Dude in the video is pretty silly too. Is there any recommendations on the angle of mount, will be strapping on the side of the milk crate I'm rigging up straight back, just not sure how high I should elevate the rod tips. Both for transport as well as some trolling if desired. Thanks for the share and help.


----------



## Cat Mangler

chris1162 said:


> No problem man. Ton and tons of mods available for kayaks. Google images, youtube videos, and other model specfic searches are awesome tools. See you on the water soon!

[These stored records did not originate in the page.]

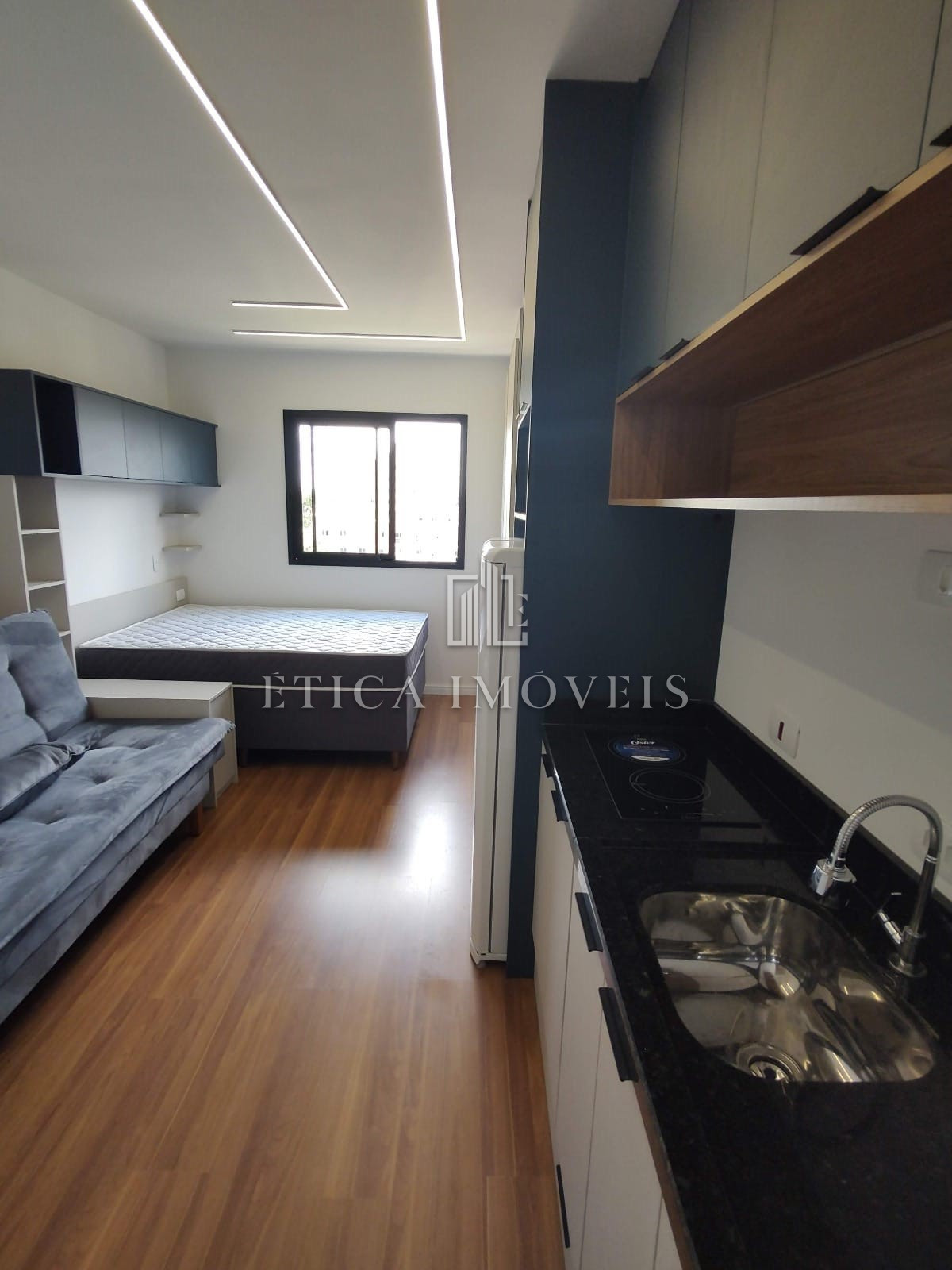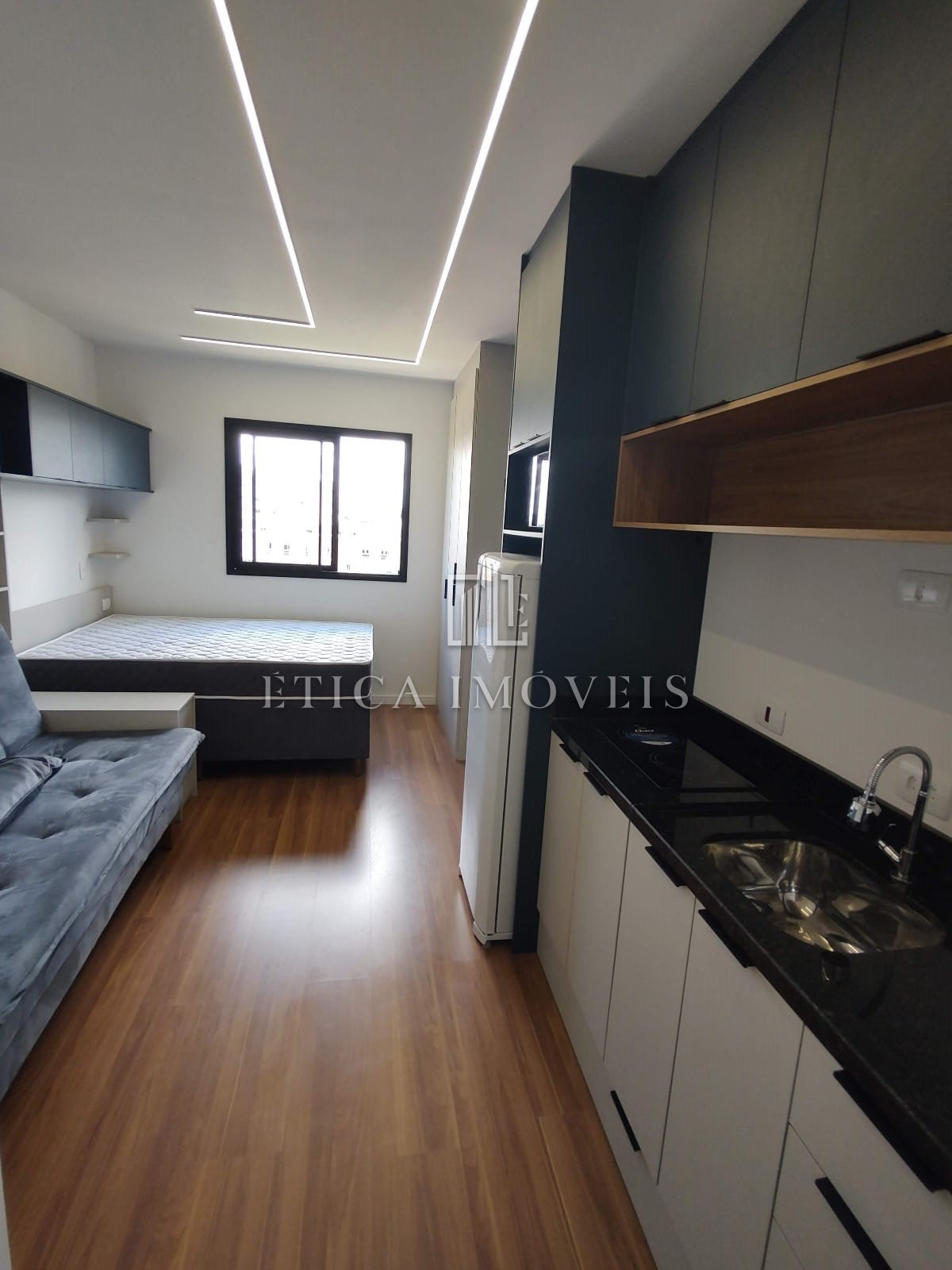 Esse studio finamente mobiliado e equipado, conta com uma área de 19 m2. no sexto andar e com excelente posição solar.
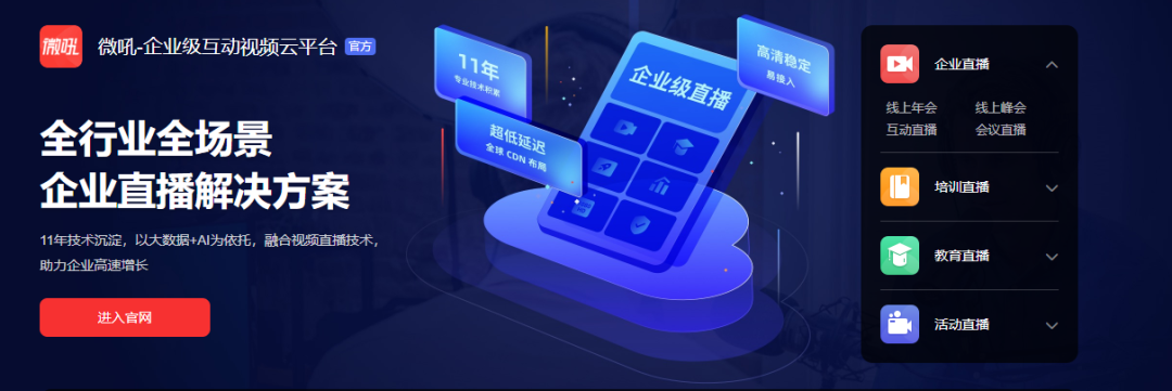 微吼10年专注企业直播,累积500万场直播,服务30万客户,为金融,教育,医疗等行业提供专业的云视频直播解决方案,助力企业玩转直播北京微吼时代科技有限公司。
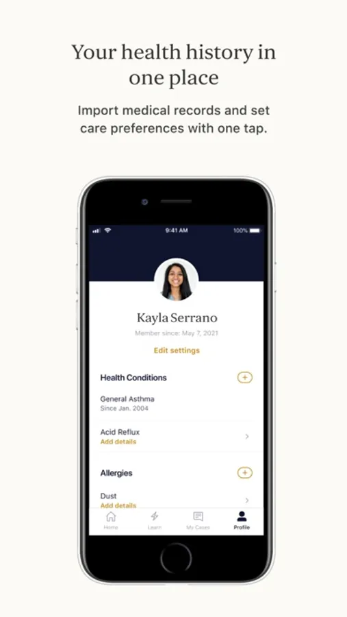 Use your profile to sync medical records, tell us your current health status, and pick care preferences.
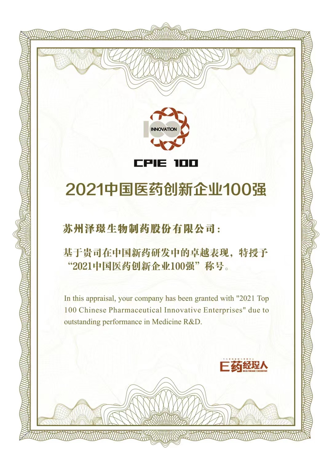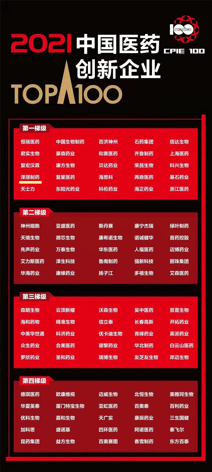 12月21日,2021中国医药企业家科学家投资家大会(简称“启思会”)在线上开幕,发布“2021中国医药创新企业100强”。泽璟制药创新实力再获认可,入选“2021中国医药创新企业100强”,并位列第一梯级。

Here's what I've done so far.









Thanks again for all the tips Chris!


----------



## Flannel_Carp

Cat Mangler said:


> Here's what I've done so far.
> 
> 
> 
> 
> 
> 
> 
> 
> 
> Thanks again for all the tips Chris!


Looks good man! If you want to secure your rods in the holders you could cut a one or two inch section at a 90 degree angle from the bottom of your current cut and rotate the whole tube about 30 degrees outward so gravity would pull the reel mount into the new cut. So in order to remove the rod you'd have to rotate it a little to pull it out of the tube. Would stop it from getting pulled right out if it got stuck on a tree branch or something.


----------



## troyfisherman97

I finally got around to finishing my crate. I am very happy with how it turned out. I got the rod holders from field and stream. They are $10 a piece but make it so easy to do.


----------



## Flannel_Carp

Looks good man!


----------



## Cat Mangler

troyfisherman97 said:


> I finally got around to finishing my crate. I am very happy with how it turned out. I got the rod holders from field and stream. They are $10 a piece but make it so easy to do.
> View attachment 188898
> View attachment 188899
> View attachment 188900
> View attachment 188901


That's awesome stuff man, way classier than my contraption. Lol


----------



## troyfisherman97

Thanks guys.


----------